Okay, if A is preferred from { A , [B-G] }, that should add probability mass to [A, [B,...,G] ], where [A, [B,...,G] ] is a ranked set of objects where the first slot is most preferred. That would represent 720 (6!) sets out of 5040.
All other sets (7! − 6! = 4,320) should either stay the same probability or have probability mass removed.
Then, the probability of A being “most preferred” = the sum of the probability mass of all 720 sets that have A as the highest ranked member. Likewise for B through G. Highest total probability mass wins.
We see a new piece of evidence—one of the people prefers C to E
C will be preferred to E in half the lists. Those lists become more probable, the other half become less probable. How much more/less probable depends on how much error you expect to see and of what type.
Repeat on all the data.
You only actually look at the first member when asking the odds that a particular object is there—at which point, yes, you sum up the probability of those 720 sets.
While clunky, this seems to be a perfectly workable approach for 7 objects. There are 5040 permutations. For each piece of evidence, add probability mass to those that correspond and remove it from those that differ (perhaps weighted by how much they correspond or differ?). The probability of your object being most preferred, then, is the sum of the probabilities of those permutations in which it occupies the highest point.
Okay, if A is preferred from { A , [B-G] }, that should add probability mass to [A, [B,...,G] ], where [A, [B,...,G] ] is a ranked set of objects where the first slot is most preferred. That would represent 720 (6!) sets out of 5040.
All other sets (7! − 6! = 4,320) should either stay the same probability or have probability mass removed.

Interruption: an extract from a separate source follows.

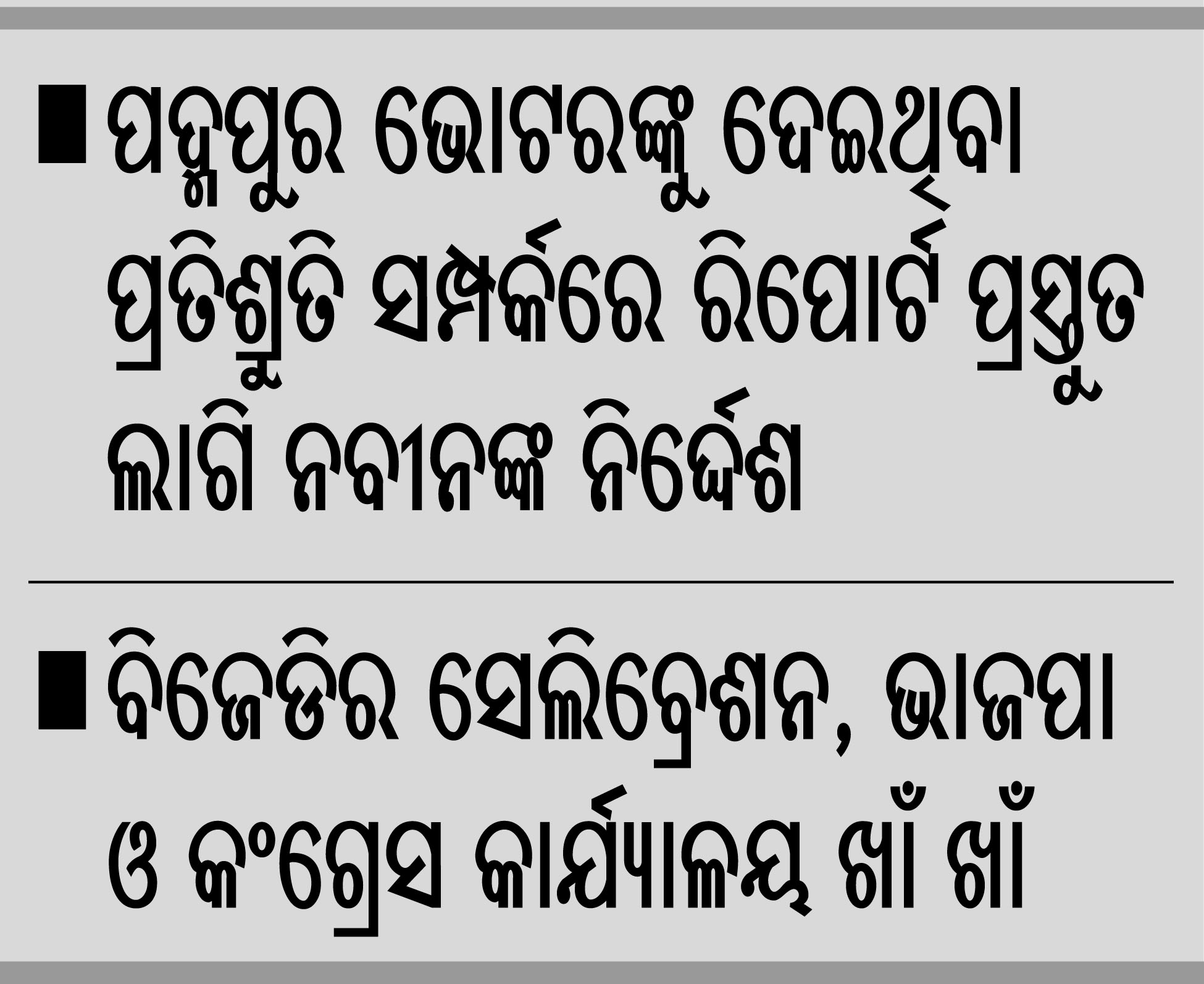 ମିଳିଥିବା ସୂଚନା ମୁତାବକ, ବିଜେଡି ପକ୍ଷରୁ ପଦ୍ମପୁର ନିର୍ବାଚନମଣ୍ଡଳୀ ଦାୟିତ୍ୱରେ ଥିବା ନେତାମାନଙ୍କୁ ଭୋଟ ଗଣତିର ପୂର୍ବଦିନ ଅର୍ଥାତ୍ ବୁଧବାର ମୁଖ୍ୟମନ୍ତ୍ରୀ ନବୀନ ନିବାସ ଡକାଇ ଆଲୋଚନା କରିଥିଲେ। ଏହି ଅବସରରେ ମୁଖ୍ୟମନ୍ତ୍ରୀ ସମସ୍ତଙ୍କୁ ଗୋଟିଏ କଥା ଉପରେ ଗୁରୁତ୍ୱ ଦେବା ଲାଗି କହିଥିଲେ। ଯେଉଁମାନେ ପଦ୍ମପୁରର ବିଭିନ୍ନ ପଞ୍ଚାୟତ ଦାୟିତ୍ୱରେ ରହିଥିଲେ ସେମାନେ ସ୍ଥାନୀୟ ବାସିନ୍ଦାଙ୍କୁ ଯାହାସବୁ ପ୍ରତିଶ୍ରୁତି ଦେଇ ଫେରିଛନ୍ତି ତାକୁ ତୁରନ୍ତ ପାଳନ କର। ତେଣୁ ଆସନ୍ତା ୧୫ କିମ୍ବା ୧୭ ତାରିଖରେ ପଦ୍ମପୁରର ଯେଉଁ ନେତା ଯେଉଁଠି ଦାୟିତ୍ୱରେ ଥିଲେ ସେଠାକୁ ଯାଇ ସେ ବିଷୟରେ ଆଲୋଚନା କରି କାର୍ଯ୍ୟ ଆରମ୍ଭ ଲାଗି ପ୍ରସ୍ତୁତ ହେବେ। ଆସନ୍ତା ୬ ମାସ ମଧ୍ୟରେ ସେହି ସବୁ କାର୍ଯ୍ୟ ପାଇଁ ନବନିଯୁକ୍ତ ବିଧାୟିକାଙ୍କୁ ସାଙ୍ଗରେ ନେଇ ନଡ଼ିଆ ବାଡ଼େଇବାକୁ ମୁଖ୍ୟମନ୍ତ୍ରୀ ନିର୍ଦ୍ଦେଶ ଦେଇଛନ୍ତି। ଯାହାସବୁ ପ୍ରତିଶ୍ରୁତି ପଦ୍ମପୁରବାସୀଙ୍କୁ ଦିଆଯାଇଥିଲା ତାହା ପାଳନ କରାଯିବ ବୋଲି ସେ କହିଛନ୍ତି। ଅନ୍ୟପଟେ ପଦ୍ମପୁରବାସୀଙ୍କୁ ଦିଆଯାଇଥିବା ପ୍ରତିଶ୍ରୁତି ପୂରଣ କରି ଦଳ ରାଜ୍ୟବ୍ୟାପୀ ଏକ ବାର୍ତ୍ତା ଦେବାକୁ ଚାହୁଁଥିବା ବିଶେଷ ସୂତ୍ରରୁ ଜଣାପଡୁଛି। ଆଗକୁ ୨୦୨୪ ସାଧାରଣ ନିର୍ବାଚନକୁ ଆଉ ପାଖାପାଖି ବର୍ଷେ ଥିବାରୁ ଦଳ ପଦ୍ମପୁରରେ ପ୍ରତିଶ୍ରୁତି ସବୁ ପାଳନ କରି ତା’ର ଫାଇଦା ନେବାକୁ ଚେଷ୍ଟା କରିବ ବୋଲି ସୂଚନା ମିଳିଛି।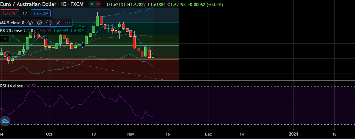 •After the two-day fall, pair has retreated to 1.6222, EUR/AUD may need a break below 23.6% fib to clear assault on 1.6100.

Then, the probability of A being “most preferred” = the sum of the probability mass of all 720 sets that have A as the highest ranked member. Likewise for B through G. Highest total probability mass wins.
Am I understanding that correctly?
I don’t think I’m following you.
We see a new piece of evidence—one of the people prefers C to E
C will be preferred to E in half the lists. Those lists become more probable, the other half become less probable. How much more/less probable depends on how much error you expect to see and of what type.
Repeat on all the data.
You only actually look at the first member when asking the odds that a particular object is there—at which point, yes, you sum up the probability of those 720 sets.
Ah, I see. Instead of updating half the lists, I was updating the 720 sets where C is the #1 preference. Thanks for the clarification.